• [EXERCISE AIM]
Nothing but the text belongs in the answer: the listing below, copied exactly, without pictures.

*** Opening of GIVEN DATA ***

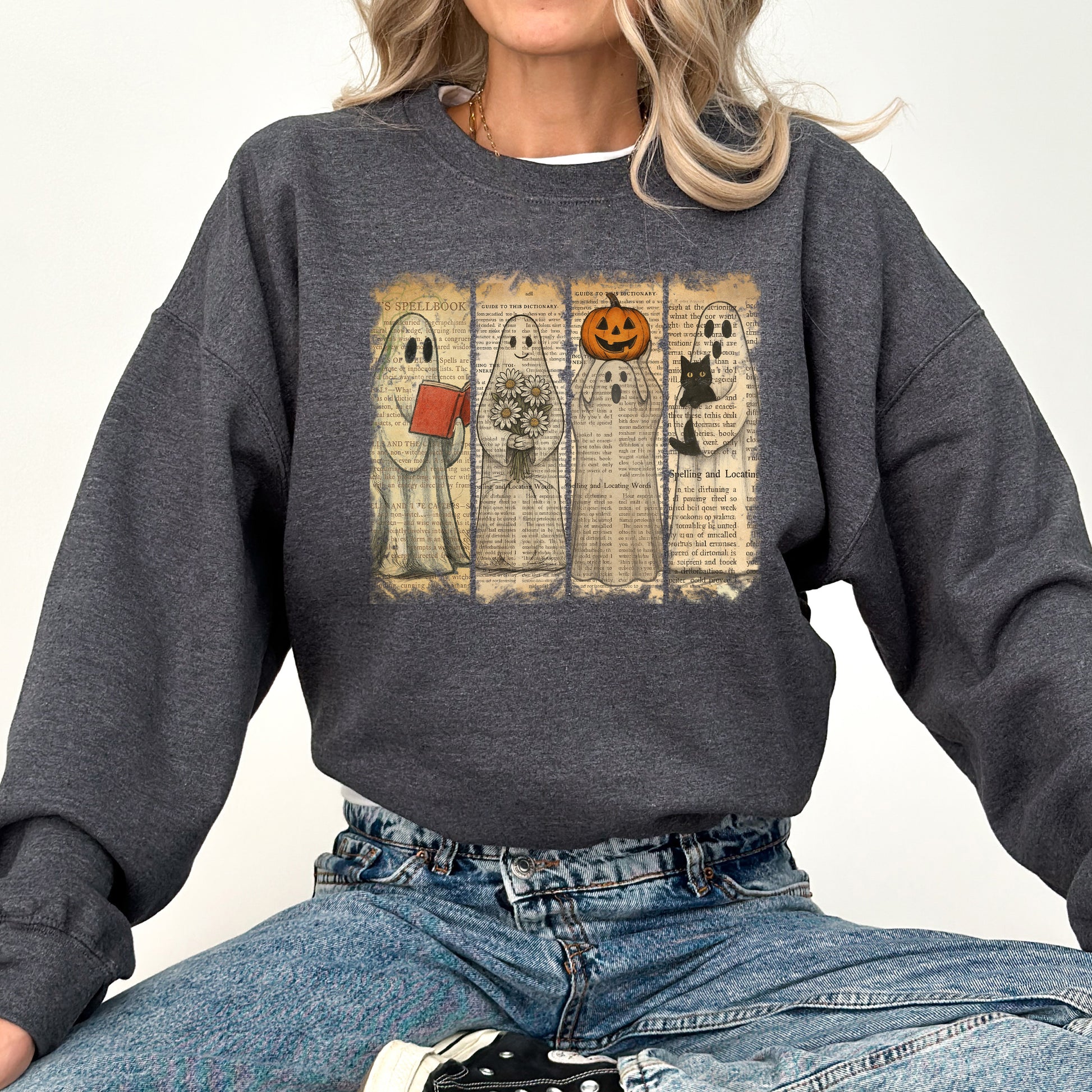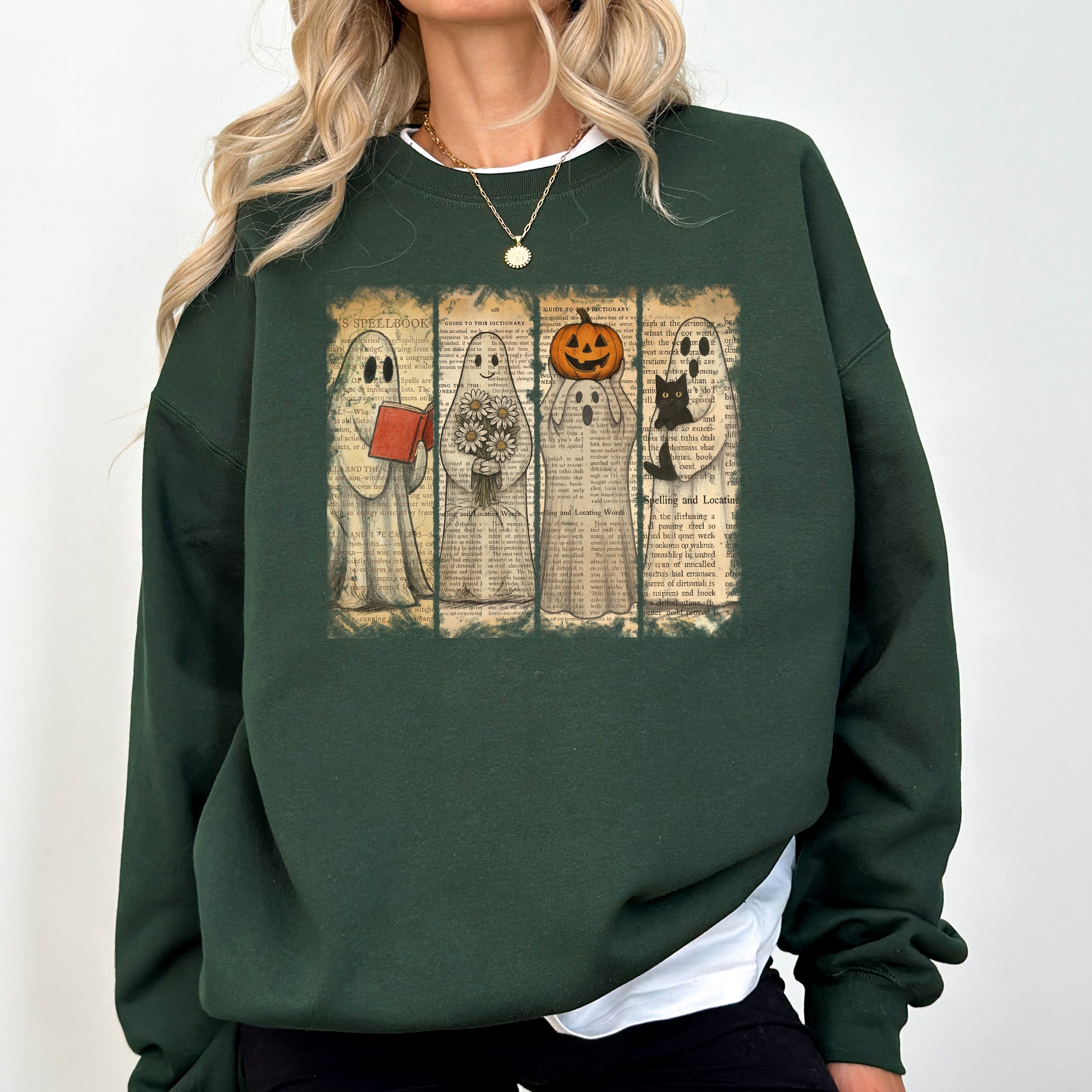 Vintage Newspaper Ghost, Halloween, Book, Cat, Western, Pumpkin, Retro, Spooky, Costume, Fall, Graphic Sweatshirt
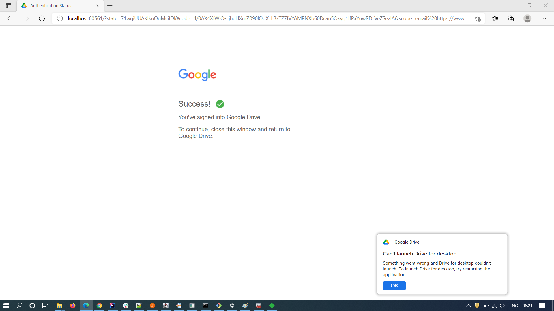 5.Login got succeeded but Failed to launch google drive file stream app when fiddler is opened to capture the traffic.
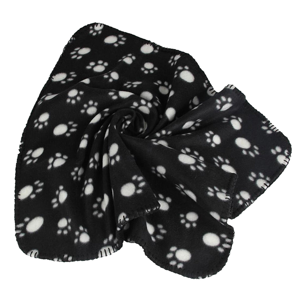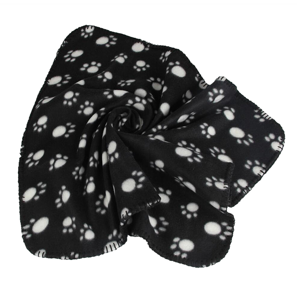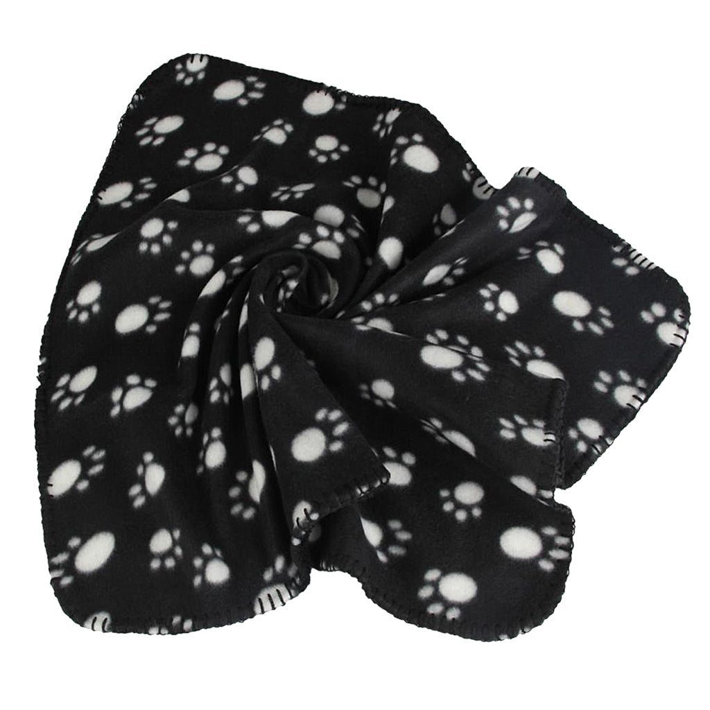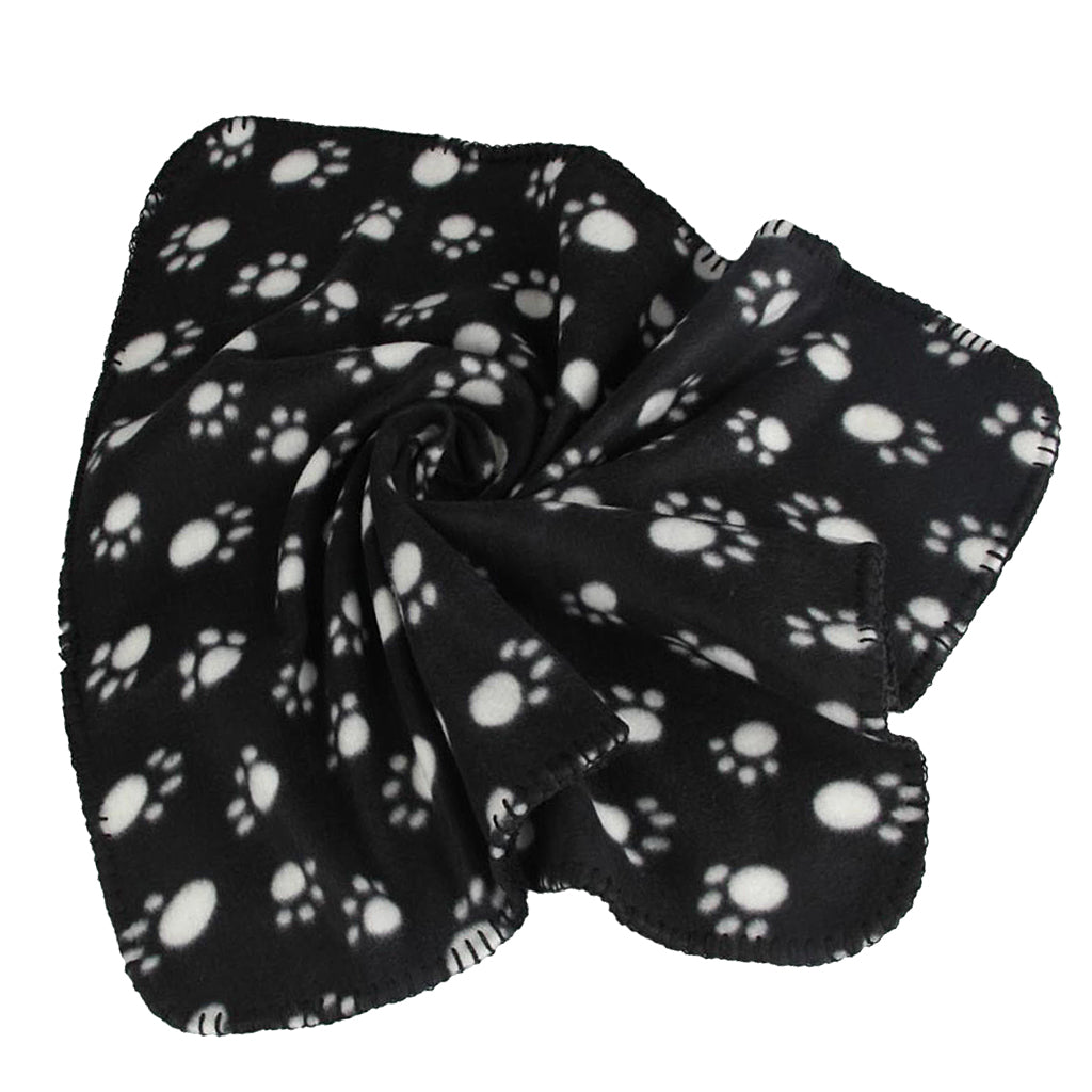 Warm Black Fleece Blanket Pet Dog Paw Print Pattern Soft Bed Mat--M

*** Close of GIVEN DATA ***

• [SOLUTION TO THIS PROBLEM]
 Vintage Newspaper Ghost, Halloween, Book, Cat, Western, Pumpkin, Retro, Spooky, Costume, Fall, Graphic Sweatshirt
 5.Login got succeeded but Failed to launch google drive file stream app when fiddler is opened to capture the traffic.
 Warm Black Fleece Blanket Pet Dog Paw Print Pattern Soft Bed Mat--M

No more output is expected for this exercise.